Provided entries -

____________________

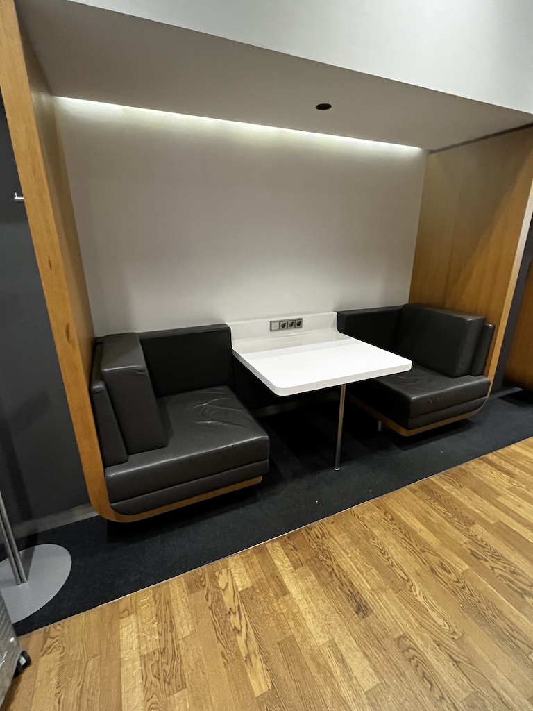 Weiter geht es dann mit verschiedenen Sitzmöglichkeiten. Auf der linken Seite sind es kleinere Boxen”, auf der rechten Seite gibt es einen Bereich mit Arbeitsplätzen und natürlich genügend Platz mit weiteren bequemen Sitzen.
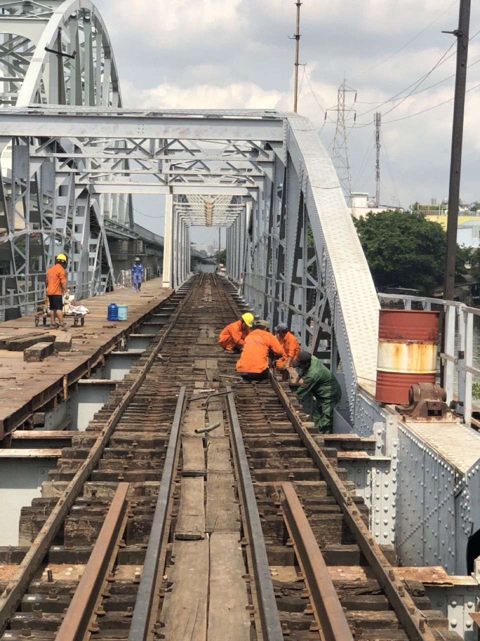Công nhân bắt đầu tháo dỡ các đường ray cầu Bình Lợi - Ảnh: TTO
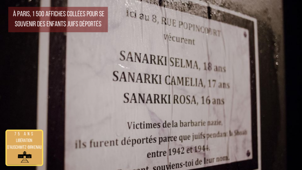 «Passant, souviens-toi de leur nom.» Celui des milliers d’enfants «victimes de la barbarie nazie», immortalisés par les affiches commémoratives apposées, dimanche soir, sur des façades d’immeubles parisiens d’où ils ont été raflés… A l’occasion du 75e anniversaire de la libération du camp d’Auschwitz-Birkenau, une soixantaine de jeunes de l’Union des étudiants juifs de France (UEJF) ont collé sur ces murs les noms, prénoms et âges des enfants, à leurs anciennes adresses. Certaines rues ont disparu, comme la rue Corbeau, désormais Louvel-Tessier, où une quarantaine d’enfants ont été raflés pendant l’occupation nazie. D’autres habitations se sont transformées en commerces, écoles ou crèches. Sur les murs de l’hôpital Rothschild, l’essentiel des enfants dont on peut lire le nom n’avaient même pas un an quand ils ont été envoyés dans les camps de la mort.
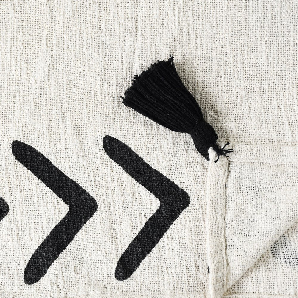 50" X 60" Black and White Woven Cotton Geometric Throw Blanket with Tassels
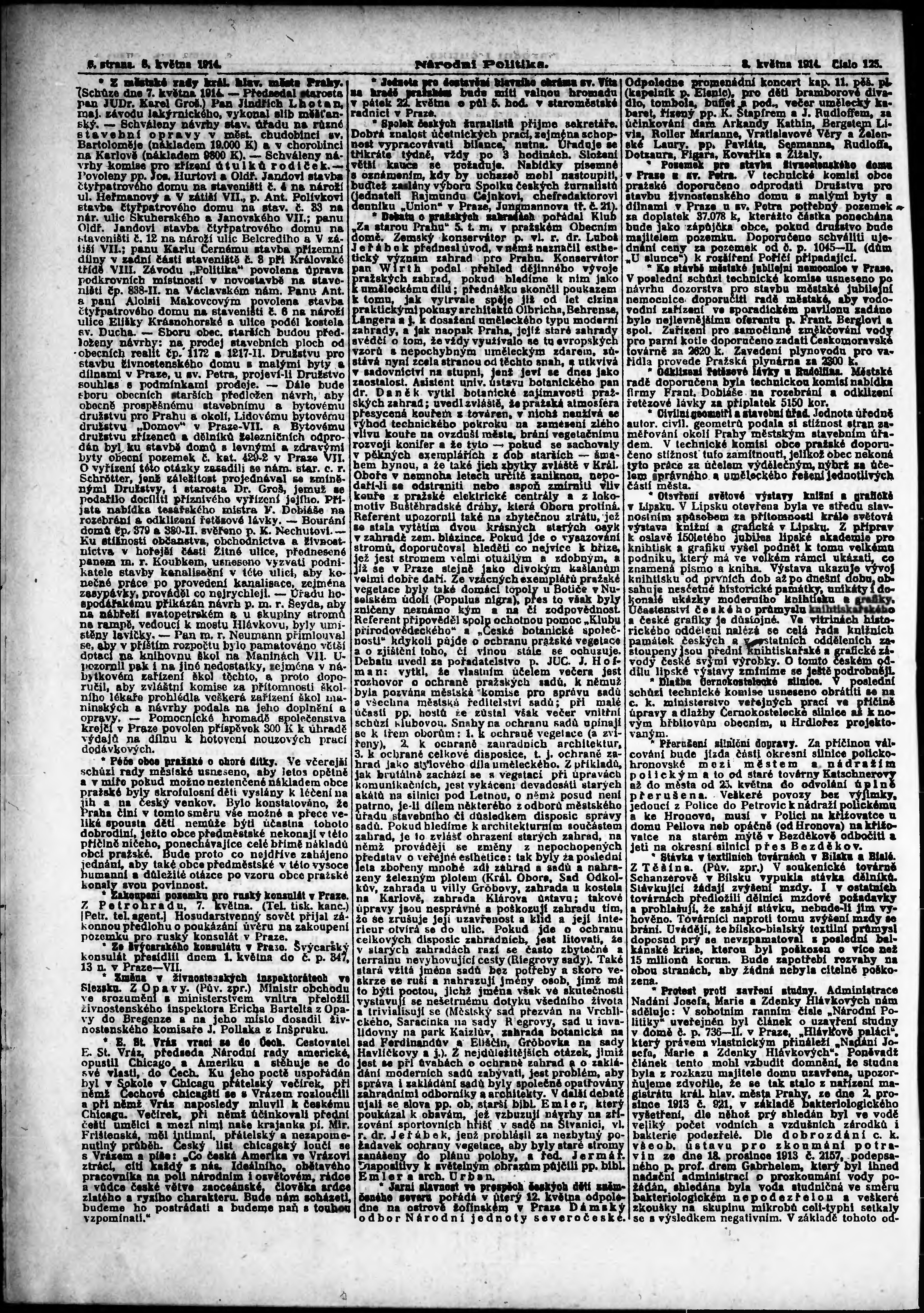 * Datum vydání výtisku: 8.5.1914 Číslo výtisku: 125 Poznámky k výtisku: ranní vydání;
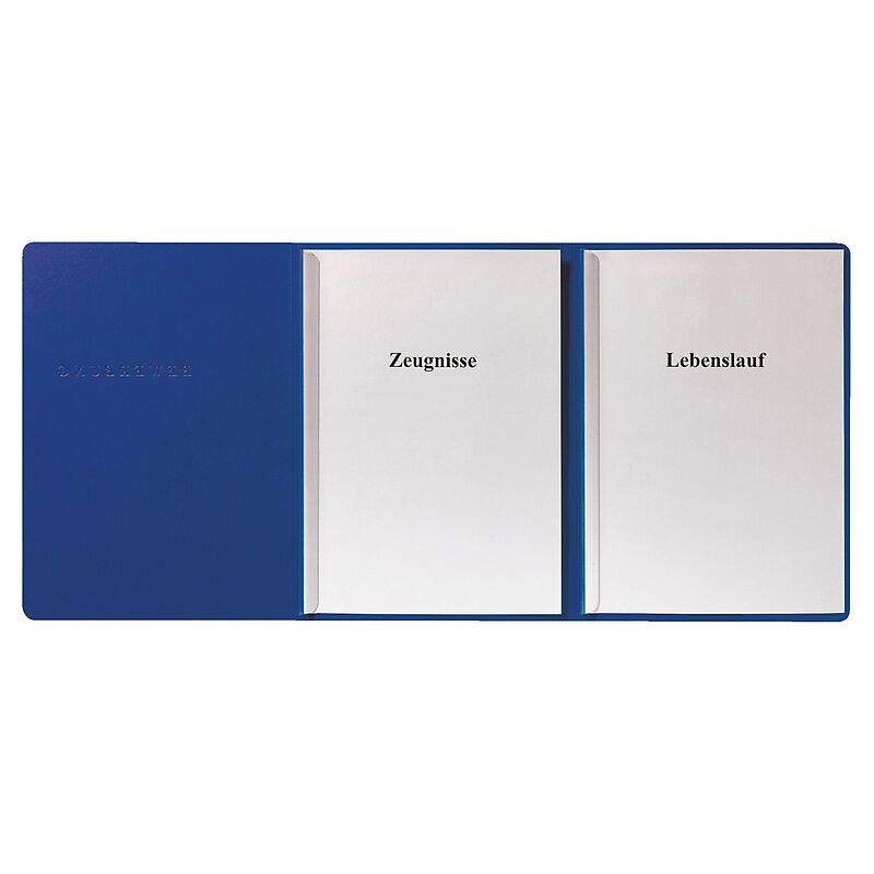 Recycling-Karton Bewerbungsmappe A4 3tlg. RC-Karton blau. - Karton-Bewerbungsmappe A4 3tlg. RC-Karton blau - Bewerbungsmappe mit 2 transparenten Klemmschienen und Ausstanzungen zum Befestigen des Anschreibens. Mit Prägung Bewerbung - Werkstoff: Karton - Verwen...
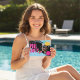 Dive into fun with this vibrant pool party birthday invitation! Featuring a retro aesthetic with a cool blue splash and bold pink lettering, this design is perfect for celebrating a special birthday bash. A stylish photo of a woman in sunglasses sets the mood, surrounded by playful pool float graphics. The back of the invitation includes a convenient QR code for easy RSVPs, making event planning a breeze. Make a splash and invite your guests to an unforgettable poolside celebration!
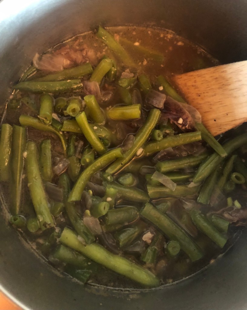 My dad grew up on a farm that my grandma still lived on when I was little. I still remember her kitchen, the smell of her house and downstairs library, and I especially remember these green beans. The soil in Indiana was better than Texas so these green beans were really good. I don’t have her recipe, probably because she didn’t have one, but I’m pretty sure these are close to what she used to make.
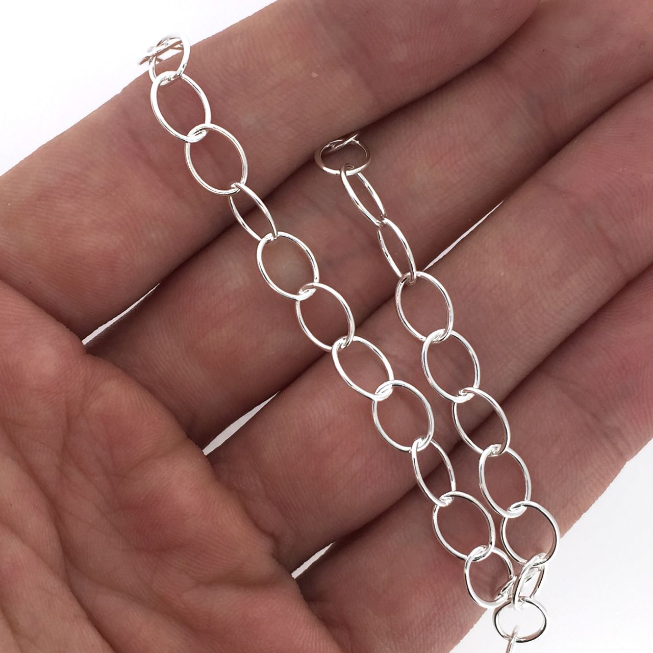 Add to compare list Sterling Silver Finished Chain - Large Oval Cable Chain SKU : 601046 Lengths: 7" - 36", links are 8 x 6mm Log In for Wholesale Prices
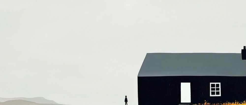 Amidst rolling hills and golden grasses sits a minimalist black house that radiates peace and space. The delicate contrast between black and the natural earth tones conveys a feeling of solitude and peace. A perfect piece of art for the living room to create a harmonious, relaxing atmosphere and inspire conversation.
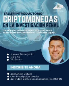 ¡Taller Exclusivo para Asociados/as al CMFRN! 🚨 Taller Introductorio: Criptomonedas en la investigación penal 💻 👨🏫 Dictado por el Dr. Sebastian Luján, Abogado Penal | Ciberdelitos & Evidencia Digital |

____________________

What to produce -
Although pictures appear among the records above, write out exactly only the lines from the one that has "Blanket with Tassels" through the one that has "výtisku: ranní vydání;", and leave the pictures out.

Output of the task -
 50" X 60" Black and White Woven Cotton Geometric Throw Blanket with Tassels
 * Datum vydání výtisku: 8.5.1914 Číslo výtisku: 125 Poznámky k výtisku: ranní vydání;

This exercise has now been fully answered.